• Aim of the task:
Print each entry again exactly as written, and keep the pictures out.
Exercise data Start Marker
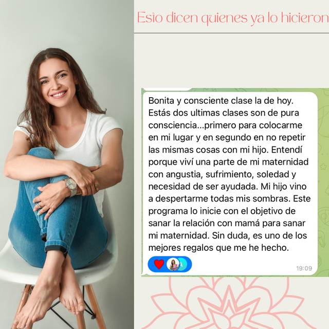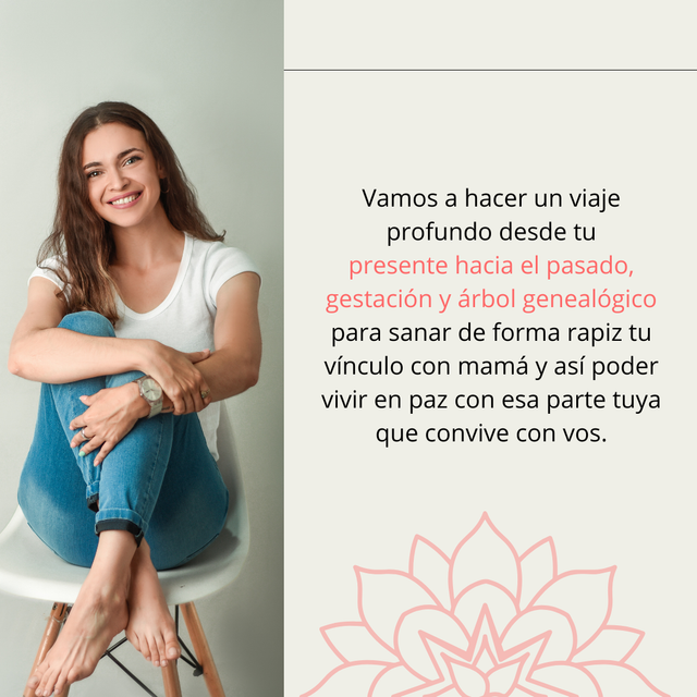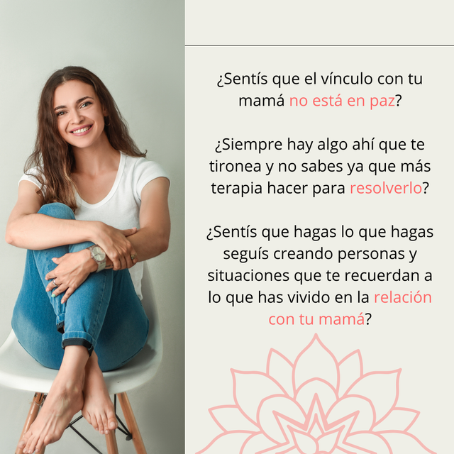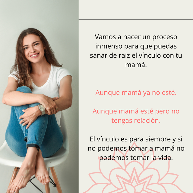 Te invito a que hagamos juntas este gran proceso de transformación donde vas a lograr estar en paz con ese vínculo, más allá de si mamá ya no está en este plano, o si quizás ni siquiera sepas quien es mamá, o así hayas decidido o no tener relación, o la veas todos los días, una cosa es la relación y otra es el vínculo. El vínculo es para siempre.
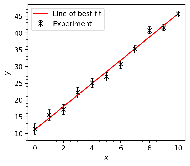 # Generate data for line of best fit# y = mx + cy_best_fit = opt_m * x + opt_cfig, ax = plt.subplots(figsize=(4, 3.5))# Plot data as markers with no lineax.errorbar(x, y, y_err, fmt='kx', capsize=2., label='Experiment')ax.plot(x, y_best_fit, label='Line of best fit', color='r')# Set axis labelsax.set_xlabel(r'$x$')ax.set_ylabel(r'$y$')# Enable minor ticksax.minorticks_on()# Add legend boxax.legend()fig.tight_layout()plt.show()
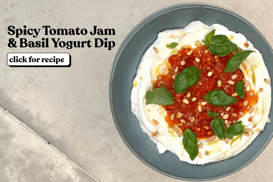 Recipe: Spicy Tomato Jam & Basil Yogurt Dip
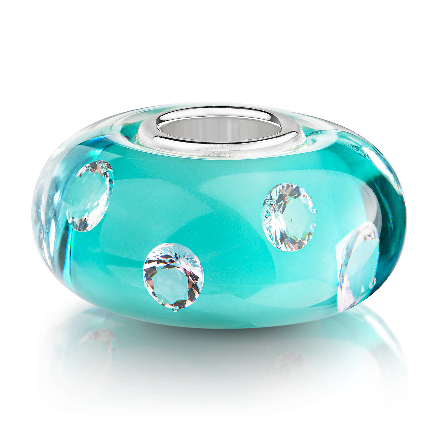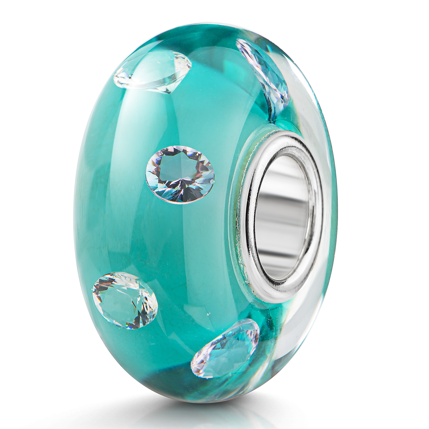 Wunderschöner türkiser Glas Bead mit 8 eingearbeiteten Zirkonia im Glasinneren und einer 925 Silber Hülse. Die Glasperle ist für Beads Armbänder und Ketten bis max 4,4mm Durchmesser geeignet.
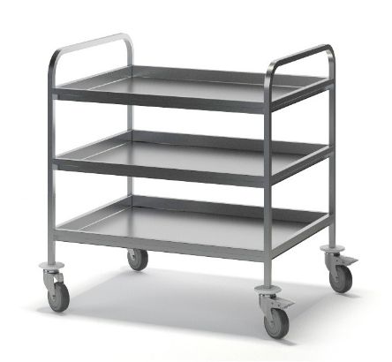НАЛИЧИЕ БОРТА: есть борт МАТЕРИАЛ: нержавеющая сталь AISI 430 (1 мм) КОЛИЧЕСТВО ПОЛОК: 3 ТИП КОЛЕС: поворачиваемые ДИАМЕТР КОЛЕС: 100 мм
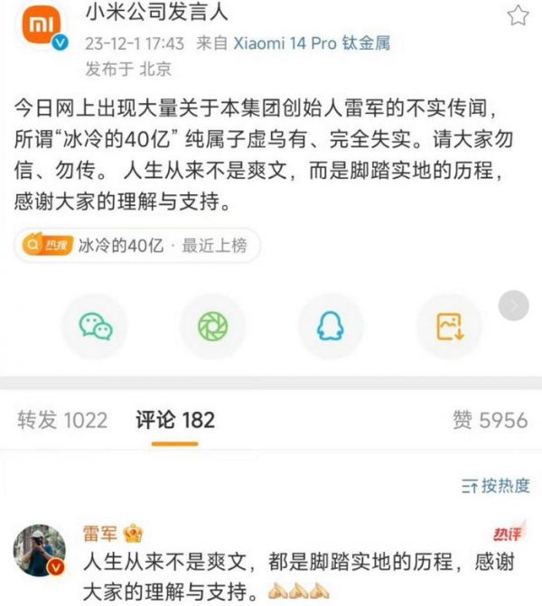 但雷军看了不开心,专程发文辟谣,且告诉大众:
Exercise data End Marker
• Solved exercise:
 Te invito a que hagamos juntas este gran proceso de transformación donde vas a lograr estar en paz con ese vínculo, más allá de si mamá ya no está en este plano, o si quizás ni siquiera sepas quien es mamá, o así hayas decidido o no tener relación, o la veas todos los días, una cosa es la relación y otra es el vínculo. El vínculo es para siempre.
 # Generate data for line of best fit# y = mx + cy_best_fit = opt_m * x + opt_cfig, ax = plt.subplots(figsize=(4, 3.5))# Plot data as markers with no lineax.errorbar(x, y, y_err, fmt='kx', capsize=2., label='Experiment')ax.plot(x, y_best_fit, label='Line of best fit', color='r')# Set axis labelsax.set_xlabel(r'$x$')ax.set_ylabel(r'$y$')# Enable minor ticksax.minorticks_on()# Add legend boxax.legend()fig.tight_layout()plt.show()
 Recipe: Spicy Tomato Jam & Basil Yogurt Dip
 Wunderschöner türkiser Glas Bead mit 8 eingearbeiteten Zirkonia im Glasinneren und einer 925 Silber Hülse. Die Glasperle ist für Beads Armbänder und Ketten bis max 4,4mm Durchmesser geeignet.
НАЛИЧИЕ БОРТА: есть борт МАТЕРИАЛ: нержавеющая сталь AISI 430 (1 мм) КОЛИЧЕСТВО ПОЛОК: 3 ТИП КОЛЕС: поворачиваемые ДИАМЕТР КОЛЕС: 100 мм
 但雷军看了不开心,专程发文辟谣,且告诉大众:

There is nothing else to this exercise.